Provider payments could be linked directly to specific indicators of quality, efficiency, or value. CMS would determine positive and negative payment adjustments based on assessment with various measures such as preventative screenings, patient satisfaction surveys, and Medicare spending for beneficiaries. P4P could benefit small and rural practices that require time and resources to implement necessary technology to successfully meet tracking requirements for value-based care.  

Clinical Episode/Bundled Payment

A bundled payment involves a designated fixed amount for services per episode of care such as a condition or a defined time frame regardless of how many providers are involved. This eliminates the need for individual billing and holds providers accountable to encourage collaboration and reduce duplications. If the cost is less than the designated amount, the providers keep a portion of the savings. If the cost is more, then some of the revenue of traditional payment is lost.

This model can be difficult to initiate and sustain because the provider may need to invest in IT resources to track spending and quality improvement measures. In addition, changes in staffing models may need to be considered to support Care Coordination efforts, which may not be reimbursed for related services to coordinate patient care.

Reimbursement is based on historical benchmarks, so sustaining these benchmarks can be difficult once they are low, for they must remain low for shared savings. This model is better suited for healthcare facilities with high rates of healthcare spending, admissions, and resource use to provide more opportunities for improvement to earn greater savings.

Shared Savings/Risk Model

The shared savings model provides a higher level of financial reward than P4P. It reimburses the same as fee-for-service, but providers are paid based on cost and quality performance. If the provider can reduce costs under the payer benchmark, they can share some of the savings.

Many providers enter a shared risk model through an ACO. The financial risk makes them accountable to ACO. A downside risk model generally provides greater opportunity for financial rewards than shared savings. The budget for predetermined quality performance thresholds must be met, or the provider must cover part or all the cost.

Capitation/Global Payments

Capitation models pay a fixed amount per patient, per unit of time, which is reimbursed to the provider for services. Most include value-based incentives and penalties based on quality and cost. If the provider produces healthcare savings they can retain it, but if they cannot provide services below the designated amount, then the provider is responsible for the loss in revenue.
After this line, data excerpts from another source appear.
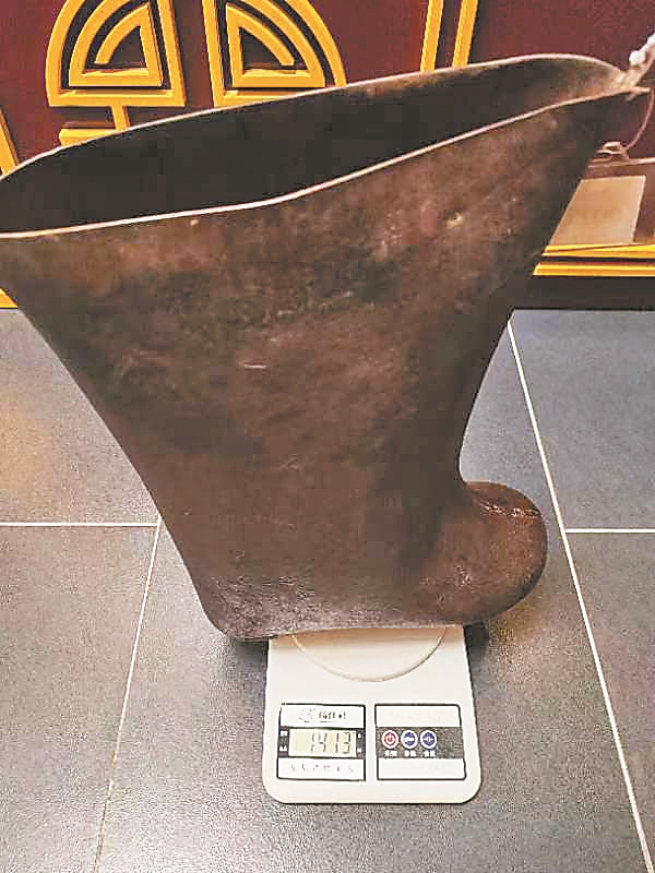 到了清代,武官和文官的靴子也颇有讲究,武官战靴为牛皮所制,铁钉护底,一是为了防滑,二是为了更好受力;而文官所穿的靴子底部越厚,证明官爵越高。经工作人员现场测量,武官战靴重量在2.8斤左右,而文官穿的靴子相对较轻,仅有0.6斤。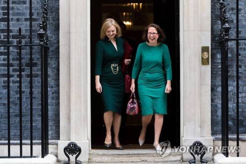 epa09473281 Britain's Foreign Secretary Liz Truss (L) and Britain's Leader of the House of Lords Baroness Evans (R) leave 10 Downing Street after a cabinet meeting in London, Britain, 17 September 2021. This is the first cabinet meeting to take place since Prime Minister Boris Johnson's reshuffle. EPA/VICKIE FLORES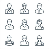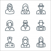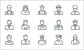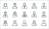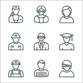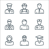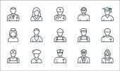 ikony zawodów. zestaw liniowy. zestaw linii wektorowych jakości, takich jak absolwent, pielęgniarka, prawnik, farmaceuta, zakonnica, pracownik, policjant
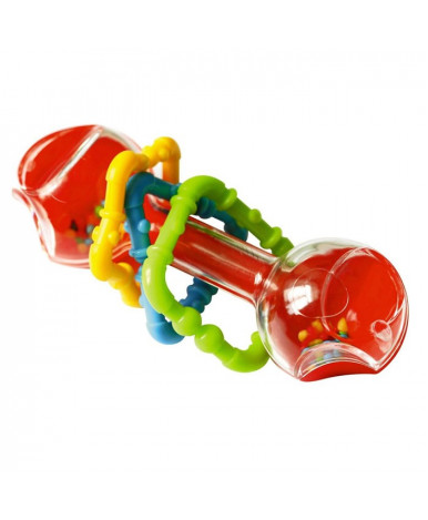 Оба конца гантельки снабжены мелкими шуршащими шариками, за которыми ребёнок может наблюдать. Это вызывает интерес и развивает остроту зрения. На рукоятке погремушки есть разъёмные элементы, которые будут увлекать и старших малышей.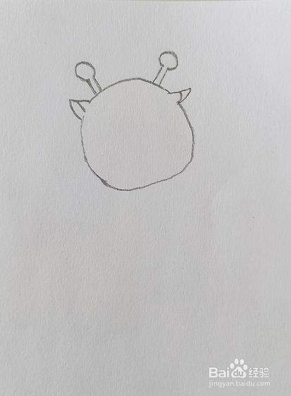 准备好以后我们先画出长颈鹿的头部和耳朵,如图

A partial or blended capitation agreement pays providers a single monthly fee that covers set services such as laboratory services or primary care. Other care is reimbursed with a fee-for-service model. The benefit of prepaid reimbursements is that the provider can proactively utilize this money to implement methods for improving patient care.  

Global payments are a single fixed payment for all the patient’s healthcare services such as primary care, hospitalization, and specialist care, and involves full financial risk for quality care and healthcare spending. This is paid per member, per month, and can be invested in quality improvement to improve efficiency, but the provider bears full financial risk for any excess cost.

Progress Toward Maximizing Value

To set the pace for success, providers have to seek to determine which value-based reimbursement structure is appropriate for their organization. Considering IT data collection capabilities, and the resources they have available to effectively manage the transition can help the provider determine how to best gain additional financial benefits for providing quality patient care.